This one is a classic case of the type of intellectual dishonesty of the likes of Dr John Campbell. It turns out its really, really hard to measure complex pharmacological interactions in vivo - particularly very subtle ones like viral replication inhibition. This is why they do studies in vitro, understand the mechanism and then try the drug in vivo, and then measure the patient outcomes.

Of course protease inhibition has never been demonstrated for Ivermectin even in vitro - Indian scientists did a computer simulation on the Ivermectin molecules and wrote a paper stating based on the simulation, Ivermectin might be a protease inhibitor. Damn lamby.
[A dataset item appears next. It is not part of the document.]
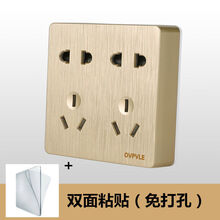 明装墙壁开关插座面板金色二十七孔插座27孔20孔电源插座明线15孔 明装金色10孔+双面粘贴(免打孔)

Lamb falls for this three card trick of course as it confirms his preconceptions - Ivermectin works, big pharma had to come up with a way to make more money, so they made a newer, more expensive version of Ivermectin.

Dr John has a hungry YouTube audience to entertain, he's just doing his thing.
 
Lamb falls for this three card trick of course as it confirms his preconceptions - Ivermectin works, big pharma had to come up with a way to make more money, so they made a newer, more expensive version of Ivermectin.

But you gotta fight BIG PHARMA, you know, because Ivermectin is provided by that well known mob called Merck who are just a benevolent society, oh, wait a minute, $US48 billion in revenue in 2020, hmm, does that make them Big Pharma?

Yeah, Ivermectin, like most drugs which have been around a long time, is now a cheap drug. But it isn't as if it isn't part of the same Big Pharma that produce most of the drugs. Not as if it is a treatment for COVID either.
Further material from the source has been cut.